The Ministry for Energy and Water Management has, since the early days of the project, embarked on a stakeholder consultation exercise that included meetings in Sicily to ensure that the concerns of these stakeholders are known and addressed in the project design.
During their first meeting this morning, Minister Joe Mizzi assured President Musumeci that this consultation process will go on, and in fact, further consultation meetings will be held during the coming months in Sicily to further explain the progress of the project and enable Malta’s authorities to understand concerns on the Sicilian side.
Minister Mizzi said that the Maltese Government is taking the environmental impact of this project very seriously, and Environmental Impact Assessments are being undertaken, both on the landward side and on the seaward side, in order to ensure that the necessary mitigation measures are included in the project design to enable the least possible impact on the natural and marine environment of Sicily.

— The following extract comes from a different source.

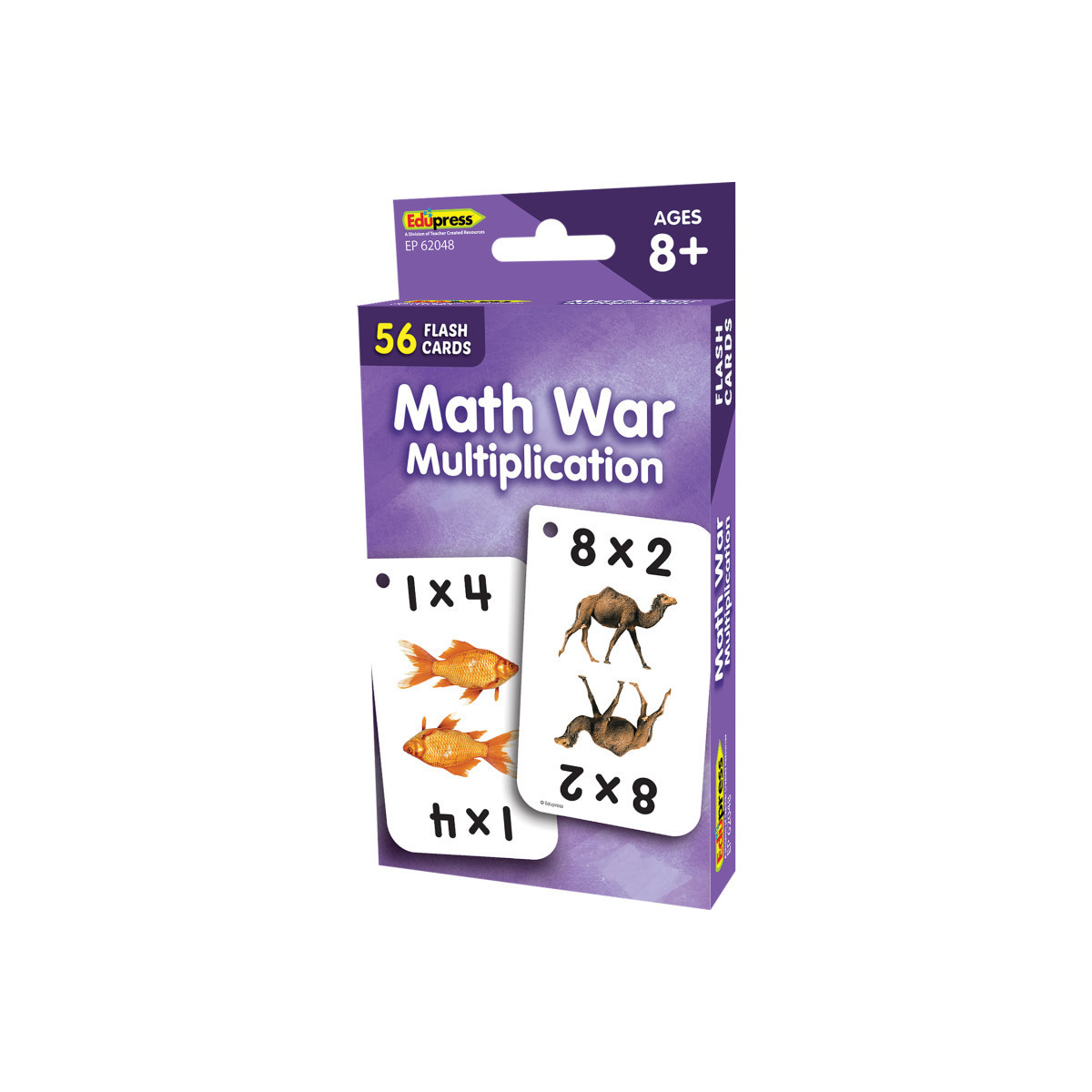 Teach and review multiplication facts with this fun card game! Each flash card set contains a collection of full-color, high-interest student cards as well as instructions and tips for the teacher or parent, suggested activities, and additional blank cards. Each card has a hole in the top corner that can be fit with a ring or string to help with organization and storage. Additionally, each card has one corner that is shaped differently than the others. By lining up the non-rounded corners, the flash cards can quickly be faced in the same direction. When applicable, flash card sets include answers in small print on the reverse side of each card. Each card measures 3-1/8" x 5-1/8". 56 double-sided cards per pack.

These studies are currently being undertaken and Sicilian and Italian authorities are fully involved and fully updated on their progress. “We want to work together with the Sicilian authorities to ensure that the project has a high level of acceptability in Sicily, and that it is undertaken in such a way which respects the natural and marine environment of the Gela region”, said Minister Mizzi.
The gas pipeline project has been designated by the EU as a Project of Common Interest since it permits the linking of Malta with the European gas network, hence further reducing its energy isolation. The primary scope of the project is the importation of gas from Sicily to Malta, and its completion in 2024 will see the removal of the Floating Storage Unit from Marsaxlokk.
Musumeci’s visit also focused on the cultural aspect, an area in which Malta and Sicily’s rich history and traditions provide important openings in fields such as the established arts and festive traditions.